M. Jean-Pierre Masseret attire l'attention de M. le garde des sceaux, ministre de la justice et des libertés, sur les conséquences des procédures de divorce pour les agriculteurs dont l'exploitation est détenue en communauté de biens.
Deux problématiques sont à l'origine de cette situation : l'ignorance de la fluctuation du revenu agricole, conduisant à une mauvaise appréciation des ressources financières de l'exploitation ; l'absence de réflexion d'analyse et d'appréhension de la situation économique et financière future de l'exploitation résultant de la nécessité pour l'époux qui se maintient sur celle-ci de devoir faire face à la reprise financière de la quote-part des actifs d'exploitation appartenant à son conjoint.
Or cette approche est déterminante lorsque l'on sait que la rentabilité des capitaux investis en agriculture est faible (1,80 % après rémunération du travail).
Selon les résultats économiques des exploitations constituant notre réseau de référence, le revenu moyen agricole s'est élevé en moyenne à 211 €/ha sur les trois dernières années.
Avec un actif moyen de 3 000 €/ha hors foncier en valeur comptable, auquel il convient d'ajouter la valeur des terres toujours plus élevée (environ 6 000 €/ha frais compris), le revenu tiré de l'exploitation permet très difficilement de faire face à la fois à la reprise de la part du capital appartenant au conjoint, aux besoins de la famille ainsi qu'au service d'une prestation compensatoire au profit de ce dernier.
La faible rentabilité de l'activité agricole eu égard à un coût en capital très élevé se traduit par un nombre d'installations en continuelle décroissance : trente à quarante installations par an en Moselle contre une centaine il y a quelques années.
Au final, cette situation est fortement dommageable car elle remet en cause la pérennité immédiate de l'exploitation, suscitant l'inquiétude du monde agricole.

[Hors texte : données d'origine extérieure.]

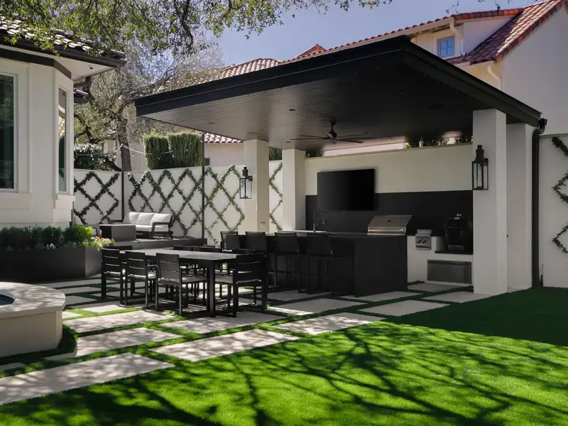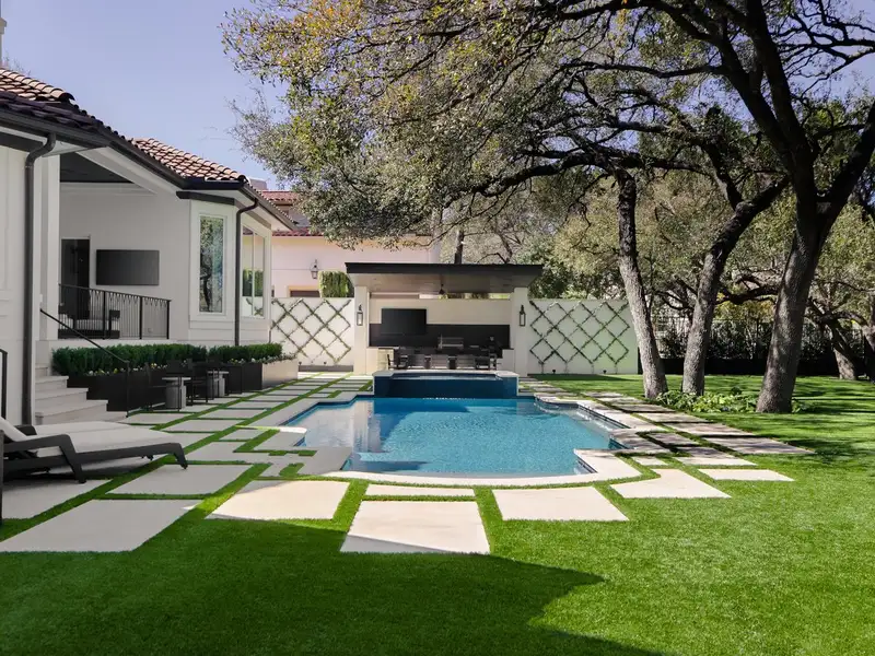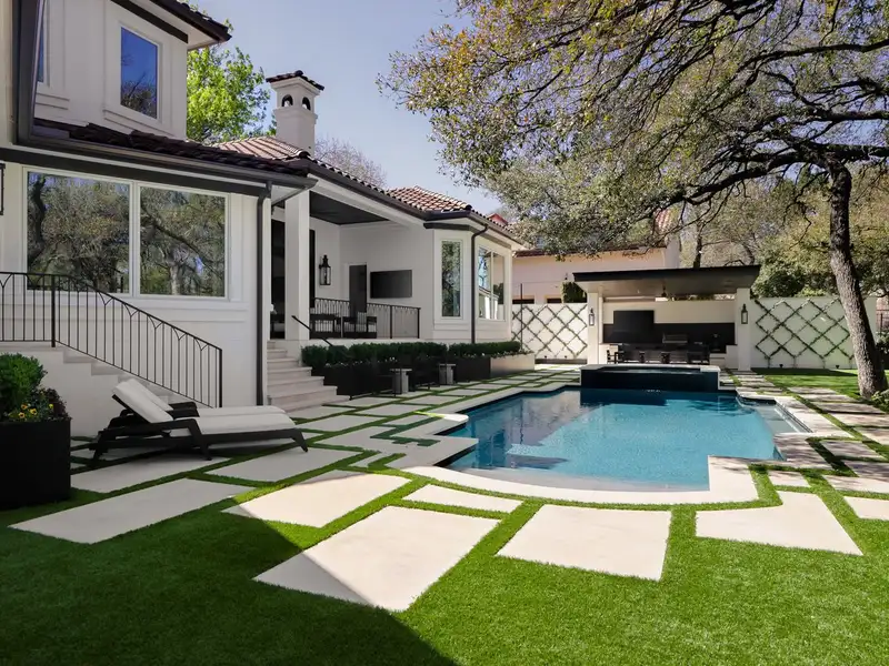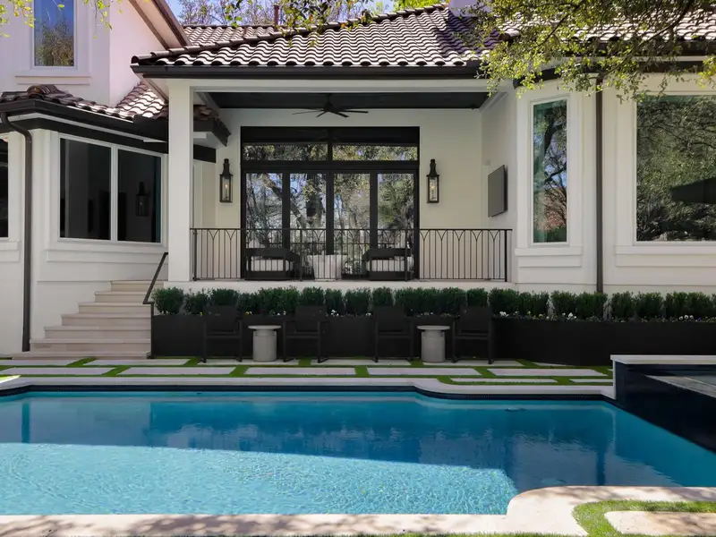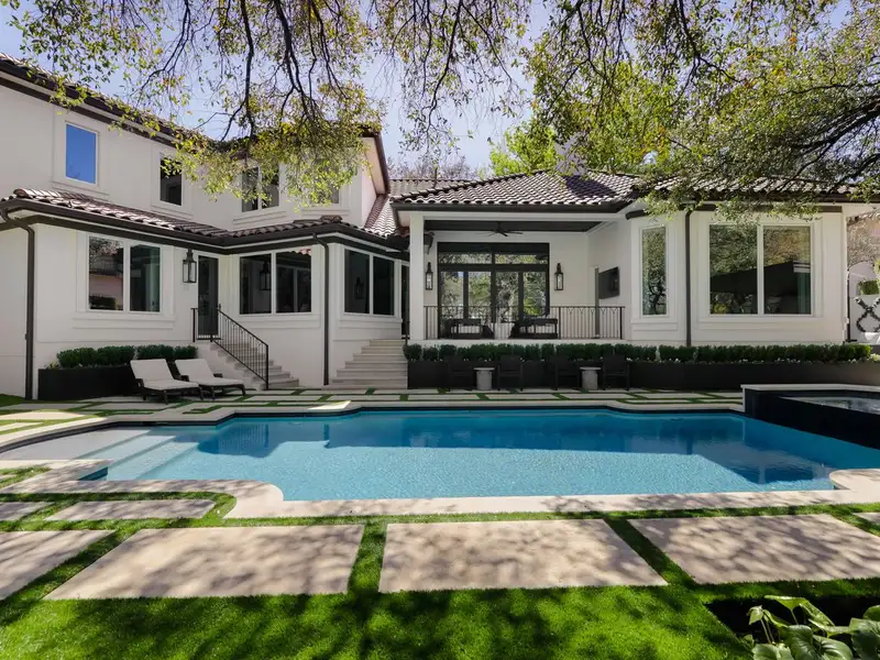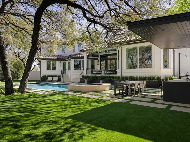 Tucked within the prestigious gated community of West Rim Estates in the heart of Westlake, 3013 Sparkling Brook Lane is a masterfully reimagined modern Mediterranean estate that exudes elegance, sophistication, and thoughtful craftsmanship. Fully remodeled in 2020 by EEF Custom Homes with interior design by J Fuller Interiors and landscape artistry by Sweetwater Landscape & Projects and The Garden Design Studio, this +/- 5,746-sqft residence (per appraisal) harmoniously balances architectural precision with modern luxury. The home’s commanding presence on a private north-south facing cul-de-sac is enhanced by lush, professionally designed landscaping, manicured greenbelt views, and extensive exterior upgrades including a resort-style pool renovation, bespoke outdoor kitchen, and fire pit lounge framed by natural stone and custom steelwork. The property’s smart home automation integrates lighting, climate control, AV systems, shades, irrigation, pool, security, and more—creating a seamless, state-of-the-art living experience.

C'est pourquoi, il lui demande quelles sont les intentions du Gouvernement pour pallier cette situation et assurer ainsi l'avenir des exploitations concernées.

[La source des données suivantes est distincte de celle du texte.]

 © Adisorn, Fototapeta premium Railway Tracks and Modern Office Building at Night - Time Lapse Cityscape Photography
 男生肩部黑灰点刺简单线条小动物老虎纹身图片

La liquidation d'un régime communautaire conduit à la répartition entre les époux des biens composant la communauté, chaque époux conservant ses biens propres. Ainsi, sauf si leur contrat de mariage en dispose autrement, chacun des époux devra percevoir l'équivalent en nature de la moitié de la valeur des biens composant le boni de communauté, tels qu'évalués au jour du partage. En principe, les lots des époux doivent être égaux. Cependant, les articles 831 et 832 du code civil permettent à l'époux qui participe ou a participé à une entreprise agricole d'en obtenir l'attribution préférentielle. Ce dispositif qui vise à éviter le morcellement des exploitations agricoles préserve dans le même temps les droits de l'autre époux. Il prévoit à cet égard que lorsque la valeur de cette exploitation excède la moitié de l'actif net de la communauté, l'attributaire de l'exploitation agricole sera redevable d'une soulte à l'égard de son conjoint. La soulte due est payable comptant mais les époux peuvent convenir à l'amiable de délais de paiement. À défaut d'accord entre les époux, il résulte des dispositions combinées des articles 1476, alinéa 2, et 832-4 du code civil que le juge pourra octroyer à l'époux attributaire des délais pour le paiement de la moitié de la soulte, qui ne pourront excéder dix ans. La prestation compensatoire obéit quant à elle à une logique très différente : elle est destinée à compenser, autant qu'il est possible, la disparité que la rupture du mariage crée dans les conditions de vie respectives des époux. L'article 267 du code civil prévoit que le juge saisi d'une telle demande dans le cadre de la procédure de divorce doit notamment prendre en compte le patrimoine estimé ou prévisible des époux, tant en capital qu'en revenu, après la liquidation du régime matrimonial. Ainsi le montant des revenus générés par l'exploitation agricole sera nécessairement intégré lors de la fixation du montant de la prestation compensatoire. Il ressort de ces éléments que les dispositions actuelles permettent de répondre à la problématique liée au sort de l'exploitation agricole détenue en commun par des époux lors de la procédure de divorce.